Familiar Obama Phrase Being Groomed as a Slogan
By PETER BAKER
WASHINGTON — President Obama told doctors and insurers on Monday that revamping health care would “lay a new foundation for our economy.” He told graduating college students on Wednesday that “we need to build a new foundation.” He told consumers on Thursday that protecting them was vital “to the new foundation we seek to build.”
Ready for a new New Deal? How about the New Foundation? As Mr. Obama labors to pull the country out of the deepest recession since the Great Depression and simultaneously overhaul energy, education and health care, he has coined an expression to encapsulate his ambitious program in the same way Franklin D. Roosevelt did in the 1930s.

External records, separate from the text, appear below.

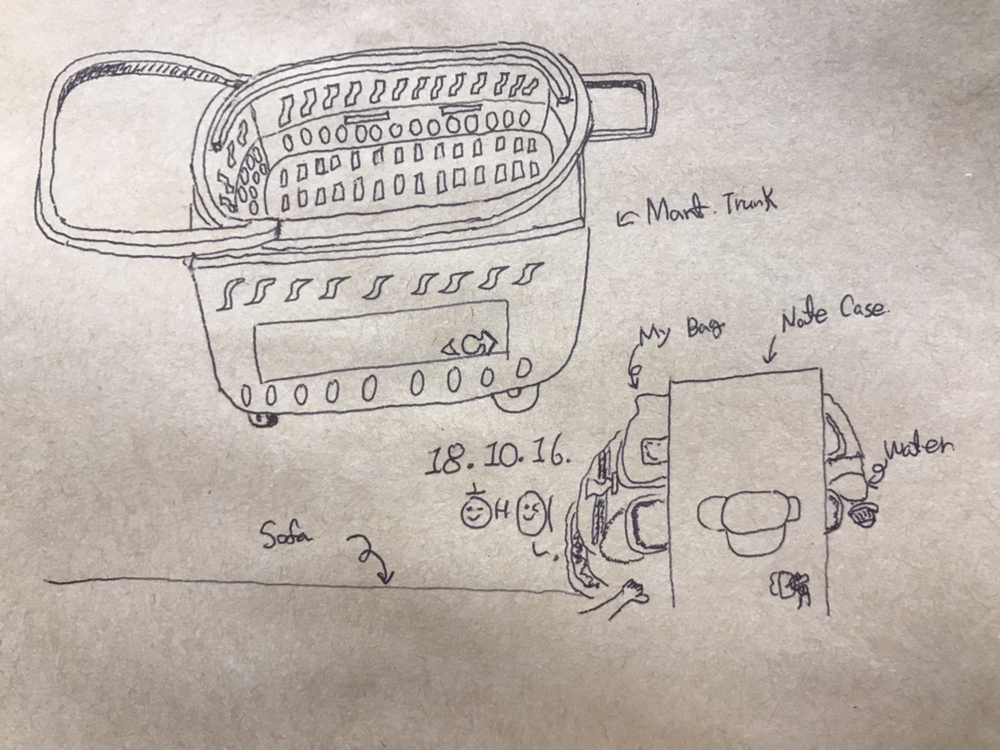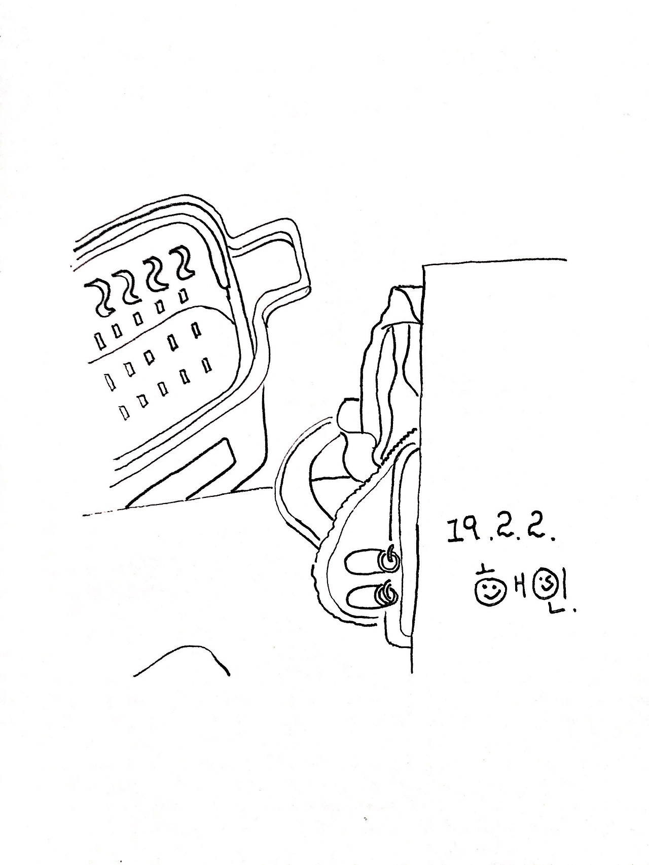 그림을 그리려고 찾아보았는데 노트가 없었다. 그 대신에 가방에 들어있던 누런 봉투와 볼펜을 꺼냈다.
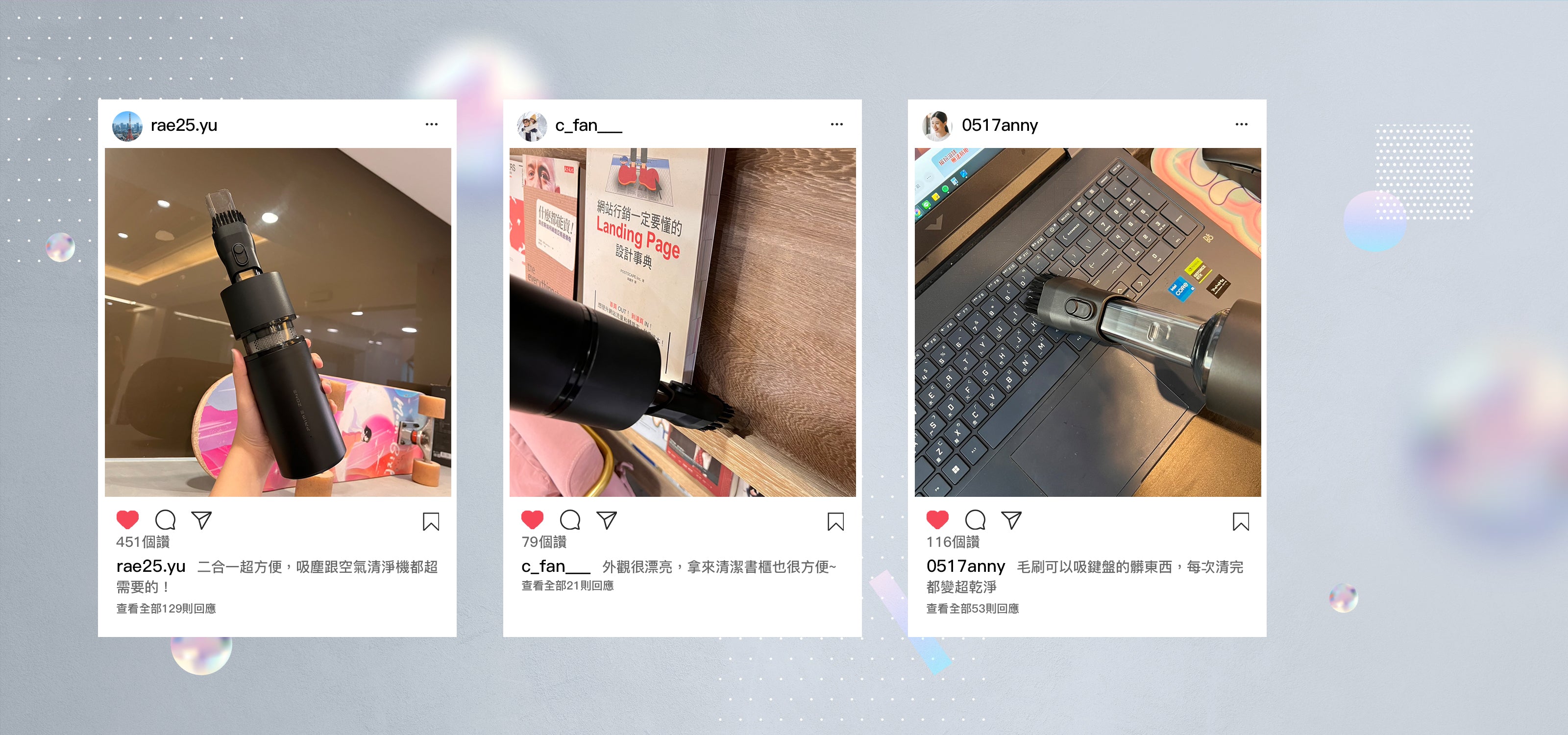小巧體積易攜帶,方便放置在車內杯架空間、車門側邊、房間、衣櫃,隨手清潔超方便;重量輕而易舉,單手手持好清潔,久用也不手痠。
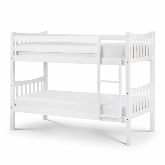 Beautifully finished in brilliant white lacquer, the Zodiac Bunk Bed features a subtle, attractive curve in the matching headboard and foot end. This solidly constructed bunk bed comes with a robust ladder and high side rails for your peace of mind.
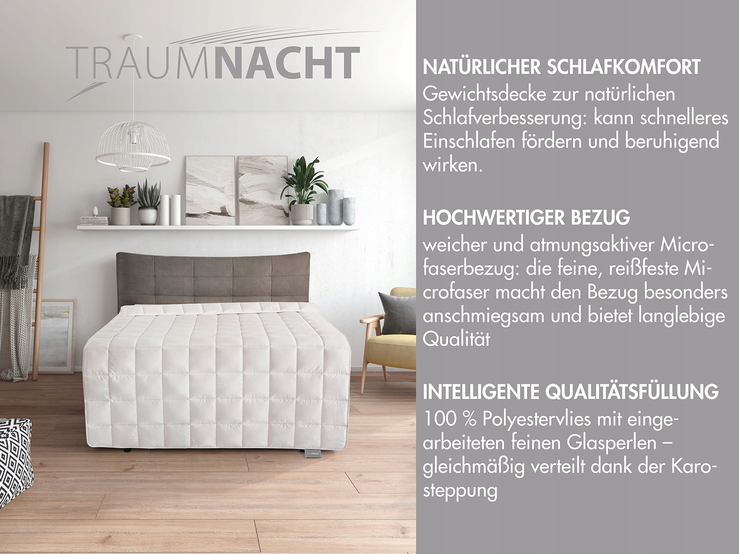 Koc relaksacyjny Traumnacht, 155 x 220 cm, certyfikowany przez Öko-Tex, koc obciążeniowy 9 kg do uspokojenia i redukcji stresu, zalecany dla dorosłych, opracowany w Niemczech

New Foundation may not come tripping off the tongue quite as easily as New Deal — it has twice as many syllables, after all — but it has become a staple of Mr. Obama’s speeches in the last month. Whether a 21st-century public buys a 20th-century political technique is another question.
“Every administration seeks to brand itself, and New Foundation certainly captures the recovery and rebuilding project on the president’s hands,” said Joel P. Johnson, a White House counselor under President Bill Clinton. “But only history decides whether or not it sticks or whether or not an era can be defined in a phrase. If he produces results, then New Foundation could be one for the books. If not ... .”
Mr. Obama introduced the catchall phrase in his Inaugural Address in January. “The state of our economy calls for action, bold and swift,” he said that day, “and we will act not only to create new jobs but to lay a new foundation for growth.”